* [TASK TO COMPLETE]: Beginning with the line containing "Chapter 1. Introduction.- Chapter" and ending at the last line of the data, set down every line exactly, leaving out all pictures.

* [PROVIDED MATERIAL]:
☆ ☆ ☆ ☆ ☆
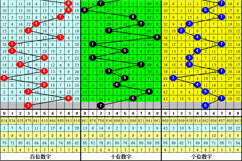 二、福彩3D上期开出奖号867,奖号大小比为3:0,大小类型开出【大大大】,该类型组合奖号在前9次分别开出号码:898-897-969-997-868-967-596-897-767;
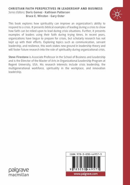 Chapter 1. Introduction.- Chapter 2. What is crisis leadership?.- Chapter 3. Personal crisis and relationship to organizational crisis leadership.- Chapter 4. Difference between Spiritual leadership and spiritual leadership.- Chapter 5. Reasons to rely on Christ during a crisis.- Chapter 6. Importance of communication during a crisis.- Chapter 7. Steps to take during a crisis.- Chapter 8. How Spiritual crisis leadership can help an organization grow.- Chapter 9. Crisis leadership and development of organizational resilience.- Chapter 10. Servant leadership and crisis leadership.- Chapter 11. Conclusion.
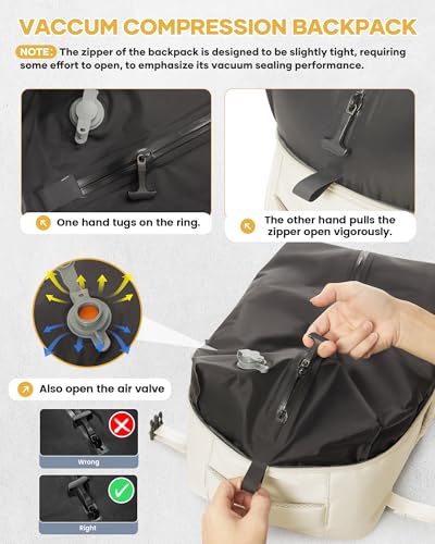 Specification: Vacuum Travel Backpack for Women, Personal Item Carry on Vacpack Backpacks Airplane Essentials Approved 18x14x8 inches for Men,Laptop Waterproof Work Compression bags Casual Daypack,Beige
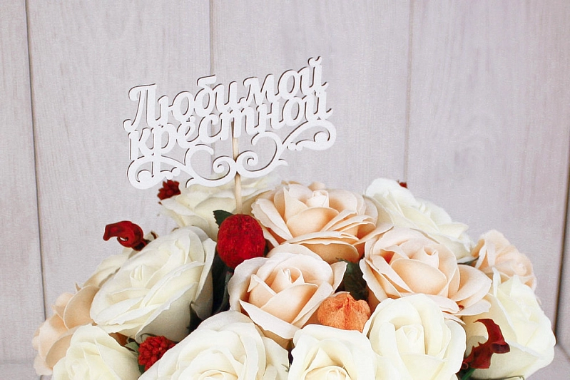 Топпер "Любимой крёстной" (11*27) МДФ 3мм, окрашен. на шпажке, Белый, 1 шт.
☆ ☆ ☆ ☆ ☆
* [RESPONSE TO THIS EXERCISE]:
 Chapter 1. Introduction.- Chapter 2. What is crisis leadership?.- Chapter 3. Personal crisis and relationship to organizational crisis leadership.- Chapter 4. Difference between Spiritual leadership and spiritual leadership.- Chapter 5. Reasons to rely on Christ during a crisis.- Chapter 6. Importance of communication during a crisis.- Chapter 7. Steps to take during a crisis.- Chapter 8. How Spiritual crisis leadership can help an organization grow.- Chapter 9. Crisis leadership and development of organizational resilience.- Chapter 10. Servant leadership and crisis leadership.- Chapter 11. Conclusion.
 Specification: Vacuum Travel Backpack for Women, Personal Item Carry on Vacpack Backpacks Airplane Essentials Approved 18x14x8 inches for Men,Laptop Waterproof Work Compression bags Casual Daypack,Beige
 Топпер "Любимой крёстной" (11*27) МДФ 3мм, окрашен. на шпажке, Белый, 1 шт.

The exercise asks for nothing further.